The hors d’œuvre was eggplant-olive caviar with little toasts.
There were two three-course menus proposed at 28€ and 48€. There is an extensive à la carte selection from which we chose and a blackboard with the day’s specials.
This blend of five different red wine grapes from the northern slopes of the nearby Var had good regional flavour without being harsh.
The amuse-gueule was a little bowl of foamy soupe de cabillaud and minced chicken with truffles.
Linda’s first course was
Ravioles de Gambas, Coulis de Crustacé à l’Huile d’Argan.
The two large ravioli with shrimp were enhanced by the foamy seafood broth. Excellent.
My starter was
Salade de Poulpes Servie Tiède, Pomme de Terre, Crevette et Citron
The dish was served quite hot, more like a soup than a salad. It was all okay, although there was a bit too much lime juice for my taste. When I ordered the dish, I had assumed that the octopus would be grilled for a salad, not poached as it was.
Linda’s main course was
Ris de Veau rôti clouté à la Truffe, polenta aux Olives et Tomates séchées
The sweetbreads were moist and nicely enhanced by the truffled sauce. The polenta had an interesting texture and olive-tomato flavor.
Filet de Bœuf, Gratin Dauphinois et légumes vertes, sauce Béarnaise
The quality of the beef was excellent.

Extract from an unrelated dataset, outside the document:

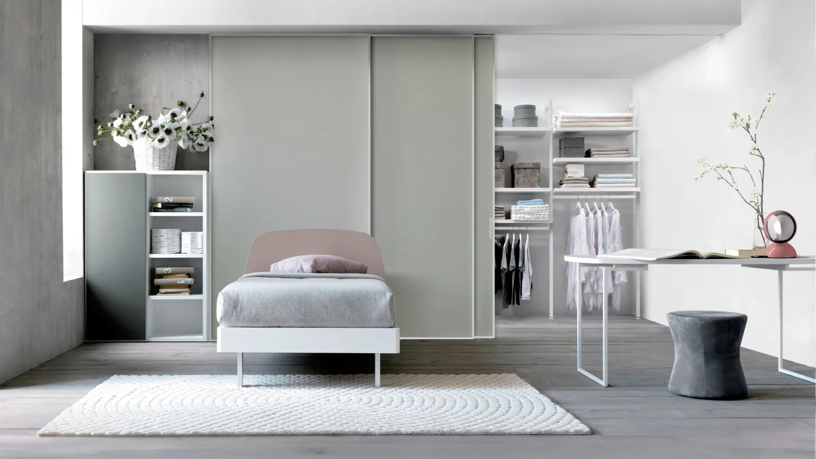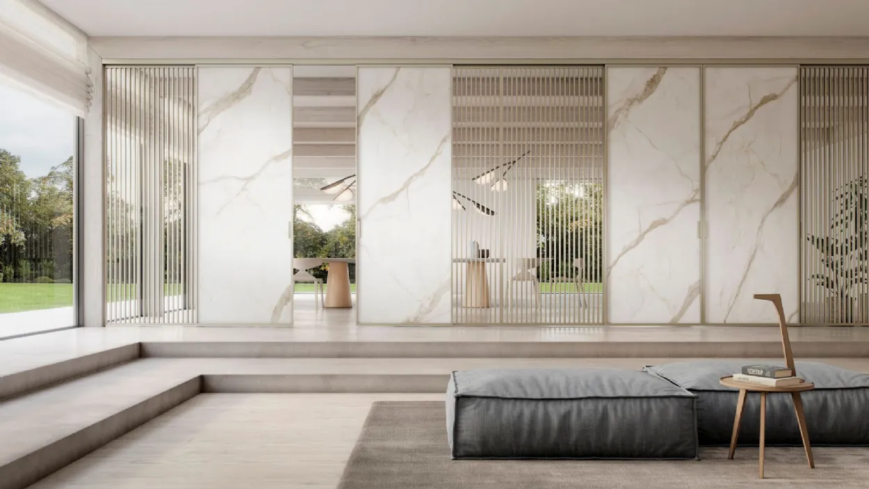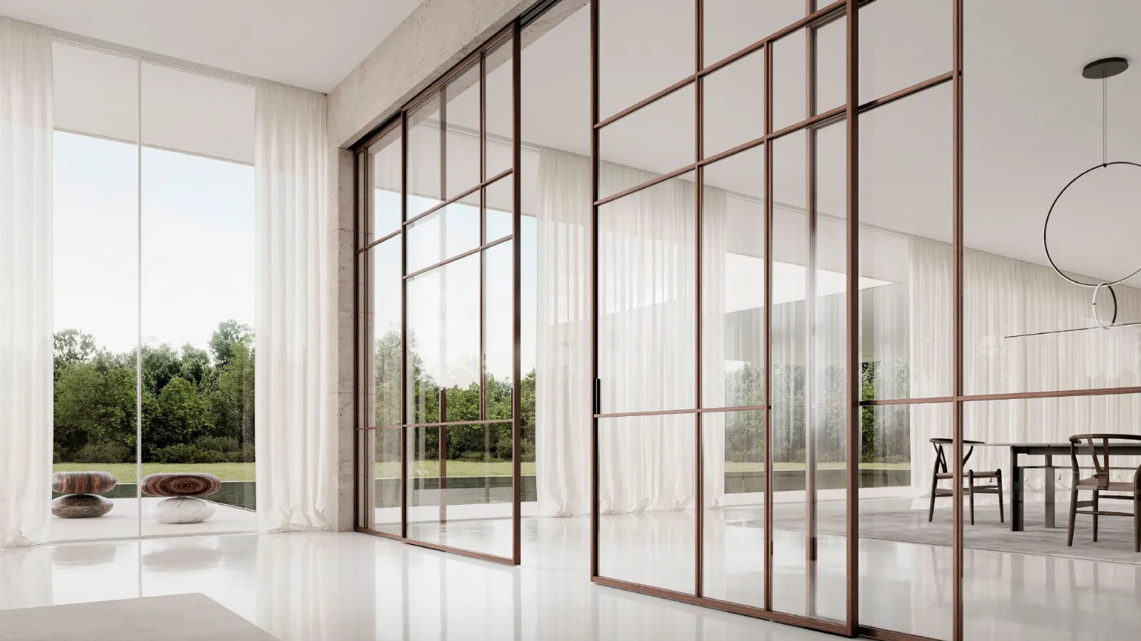 Suspended sliding ZEUS offers various glass customization possibilities, as for example inserting a fabric inside of it. This linen, from the very thin pattern, lets the light pass through and at the same time it creates a visual separation between two environments. The handle Fly, installed on the glass, creates a very thin mark to let the glass as clean as possible.

The gratin, the sauce and the vegetables were all okay, but didn’t show me any special talent.
We skipped dessert and enjoyed the little plate of good mignardises.
The almond tiles were amazingly light.
There are nine tables with 24 seats. There are three cooking in the kitchen and a dining room staff of two. The menu shows ten starters, four fish courses, plus La Bouillabisse de Ma Façon and four more fish on the Suggestions du Jour, four meats, plus Le Lièvre à la Royale, a cheese tray and an extensive dessert menu, including hot desserts to order at the start of the meal. This is very ambitious for such a small restaurant. It is not easy to maintain fresh ingredients and expert cooking skills for such a variety of offerings.
We were the second table to arrive and the first to leave. The pace of our meal was fine, but I wonder how it went later on. Most of the tables were in the holiday spirit on this late December evening and probably wouldn’t be bothered by a slow pace but that will not usually be true. While we were there, quite a few walk-ins were turned away as reservations had already filled the restaurant. Le Bistro Gourmand is in an interesting location between the city’s two main tourist zones: Old Nice and the Place Masséna, although there were no tourists the evening we were there. It is close to the city hall and undoubtedly will pick up the kind of Nice notables business that goes to the mediocre La Petite Maison nearby. Unfortunately, neither tourists nor the city hall crowd are the type of clientèle which inspires chefs to high standards.